Interactive TV Goes Prime Time with Streamaster™ 5000 Set-Top
Over the past couple decades, VCRs, video game consoles, and cable TV have added some life to your good old TV set. Now, new technology and services are beginning to deliver on the promise of an even more enhanced viewing experience. In fact, it's not just "viewing" anymore—the convergence of video, the Internet, and telecommunications makes your TV the multitasking star of the family.

Okay, maybe you remember the 1970s, when a generation began attaching game consoles to television sets to play Pong. Although the Pong generation grew bored of that game quickly—despite what they may have sworn to their parents while urging them to buy the new game—a habit was established for good.

The TV set could do more than just deliver broadcast programming! And thus was born an industry effort to develop interactive TV.

Today, the Motorola Streamaster 5000, an advanced set-top box, brings all the elements of interactive TV together. The Streamaster 5000 set-top box enables you to access a range of services—from video-on-demand to gaming to karaoke to Web browsing and e-mail—all through DSL (digital subscriber line) service over phone lines.

Now, perhaps you're feeling a little lost. What's all the fuss about television-based Internet service, interactive TV, and personal video recorders? And what's the difference? Well, here are some definitions that may help:

- Internet TV delivers Web and e-mail services over your TV set. But that doesn't necessarily mean convergence: The Internet connection operates using standard phone lines, completely separate from the lines that bring in your favorite TV shows.
- Personalized TV, now available thanks to personal video recorders (PVRs), permits video recording and playback of what you want, when you want it, without the difficult programming. PVRs also allow you to "pause" or "replay" live TV. The PVR is a quantum leap beyond your VCR, but it doesn't have anything to do with the Internet.
- Interactive TV brings programming and the Internet together, providing a means for couch potatoes to interact with what's on TV. Interactive TV represents the true convergence of services—Internet, TV, and phone service—and it is emerging thanks to IP (Internet protocol) technology and the proliferation of high-bandwidth networks.

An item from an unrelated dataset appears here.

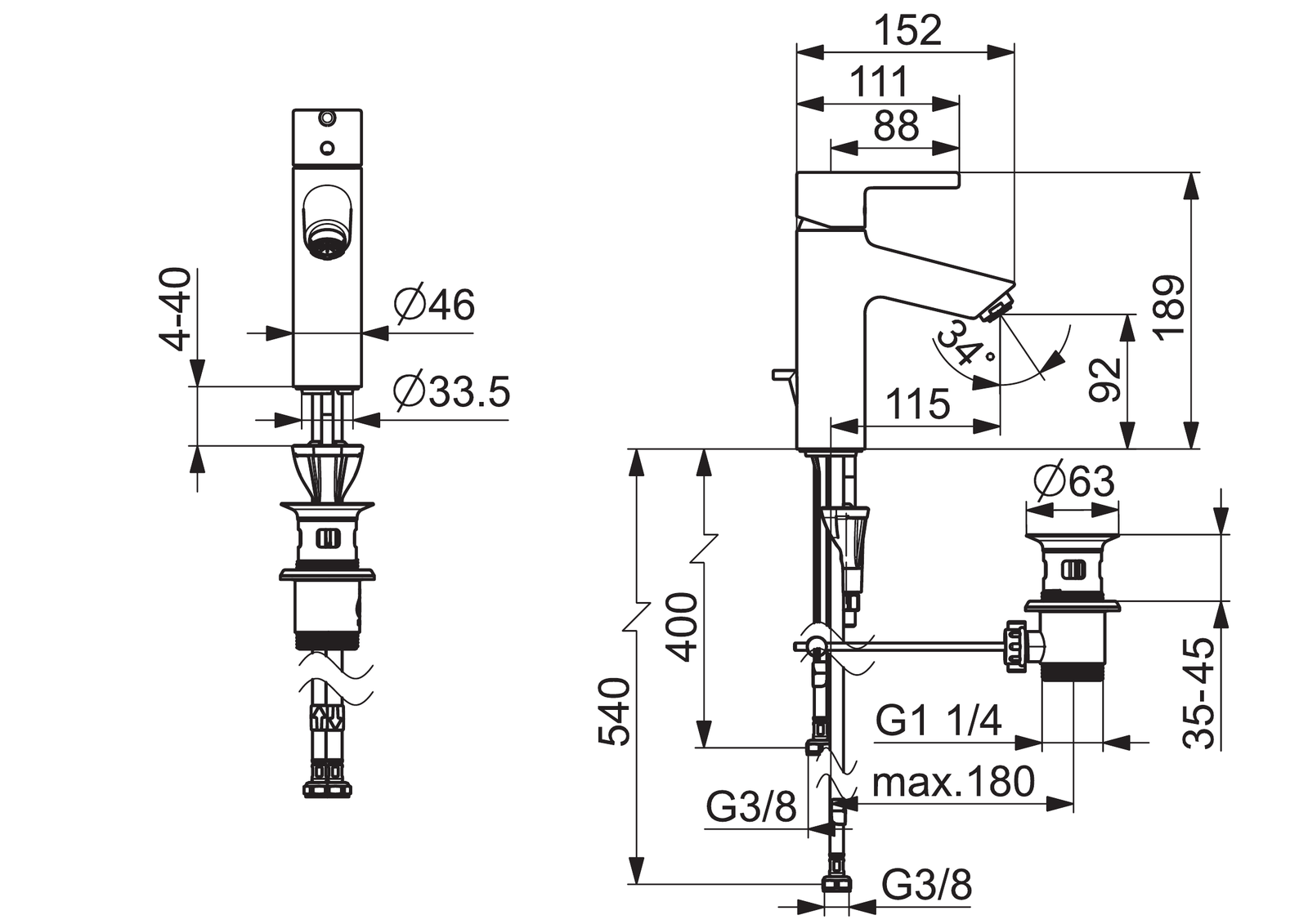 - Jedna ovládací páka / rukojeť; Pin - ovládací páka s tyčinkou; Páka se symboly teplé a studené vody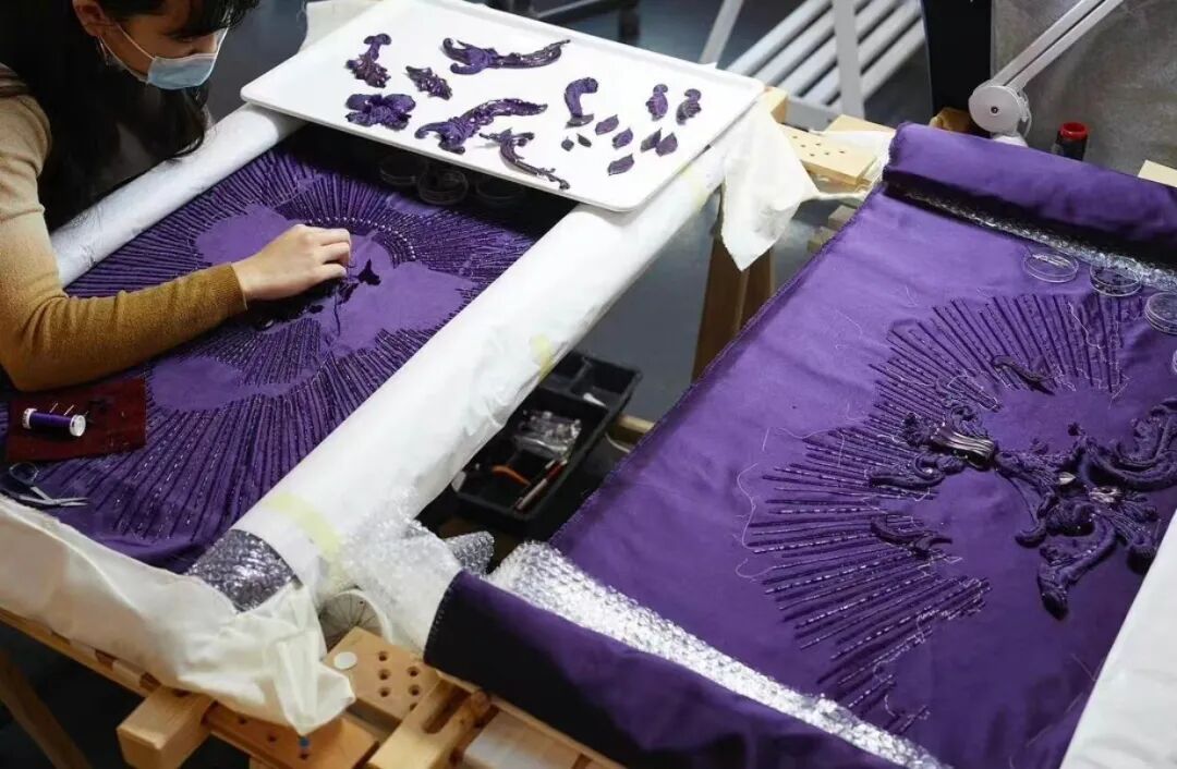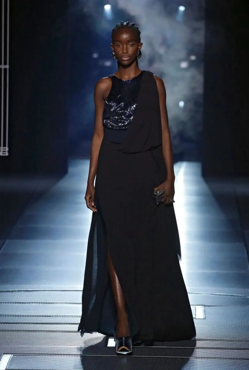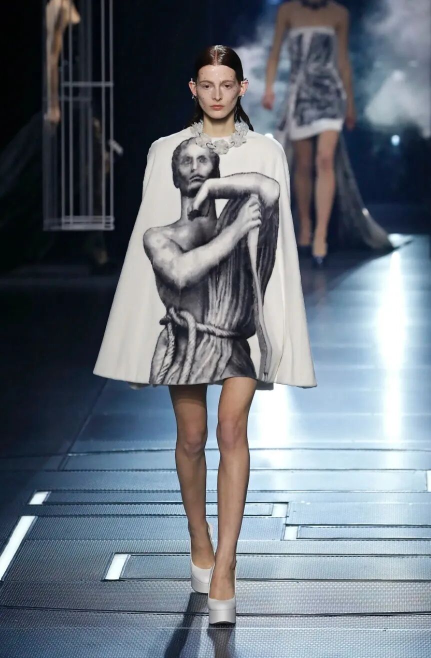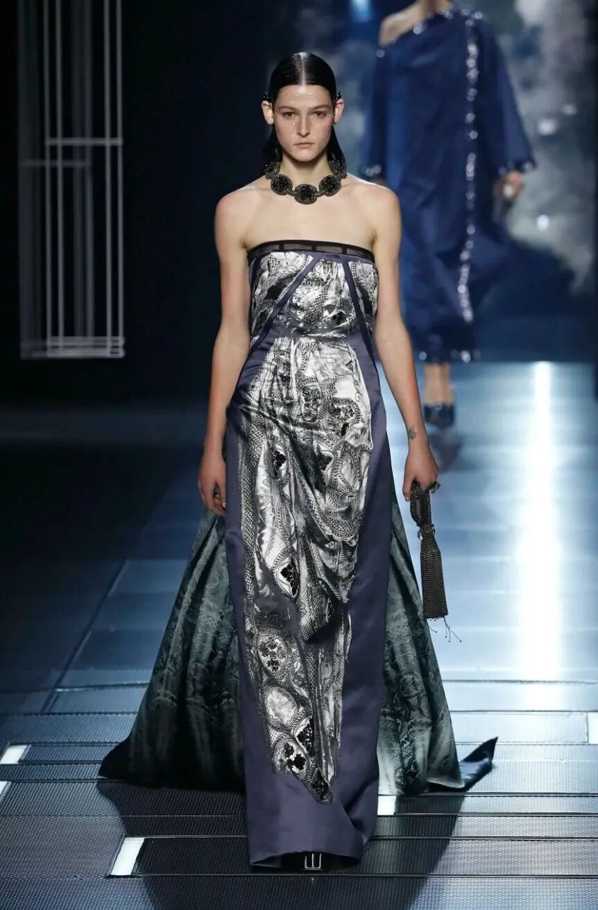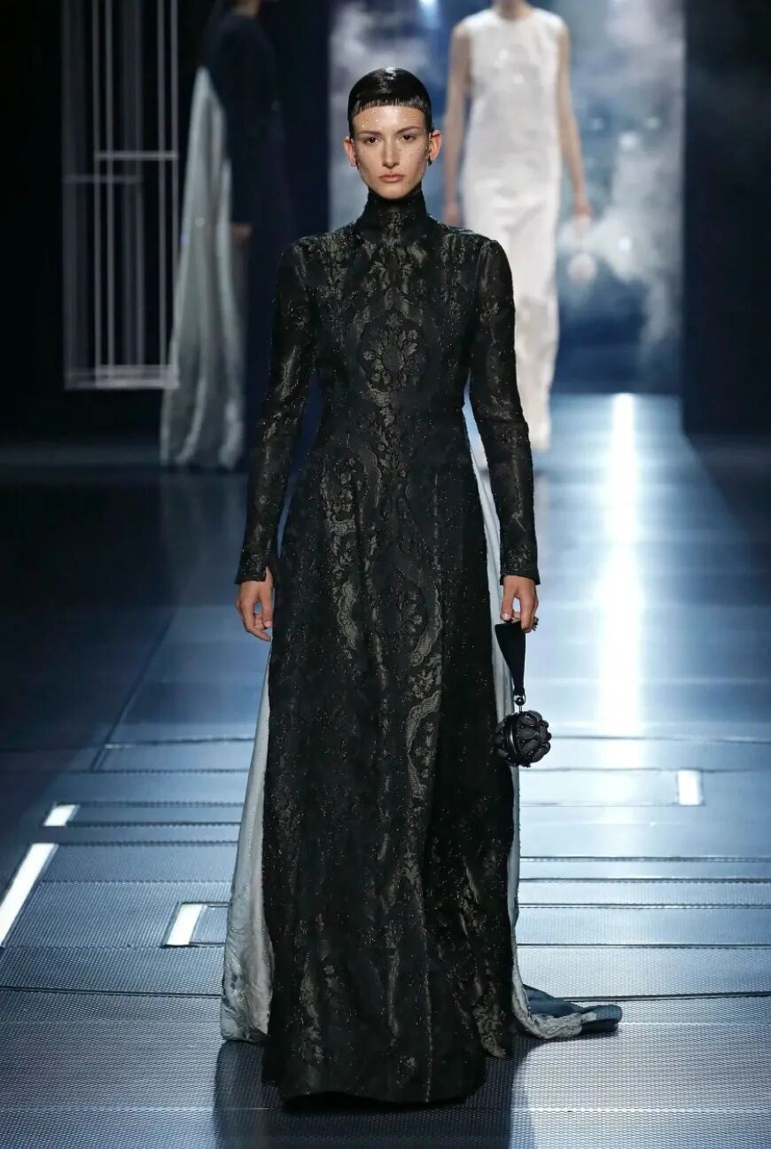 FENDI 2022春夏高定系列秀场华丽肃穆,从科技呈现的古老拱门缓缓走来,走过的是璀璨的文明,从古典到现代,雕塑壁画书写在身上,伴着身后的烟火气,迎接新生罗马。

Interactive TV is what Motorola's Streamaster 5000 set-top box offers. And yes, all the services are offered through one set-top box. "A lot of the services that people would be getting are already available on other platforms," says Motorola's Ted Finch, Marketing Director of Multimedia Systems Division. "The difference is that it's all converged in a one-signal system that sits right there at the main portal in their home and in their television set."

The Streamaster 5000 set-top box brings together all the technical capabilities that are now scattered throughout your house: gaming, found in the players in the kids' rooms; Internet access and e-mail abilities, now available through your home office PC; and movie viewing, found in the VCR or DVD player in your living room. And karaoke, now found...well, uh...hmmm.

You're watching a football game or a cooking show. Seeking stats or the specifics of a recipe? Don't get up to go turn on the PC and check out the show's related website. You can do it on your TV, then and there.

Too tired to go to the video store? Video-on-demand allows you to choose a movie when you want to see it, then rewind, pause, or fast-forward it at your convenience.

Says Finch, "A lot of these services (customers are) already familiar with, but they're now available on one central system to the entire family."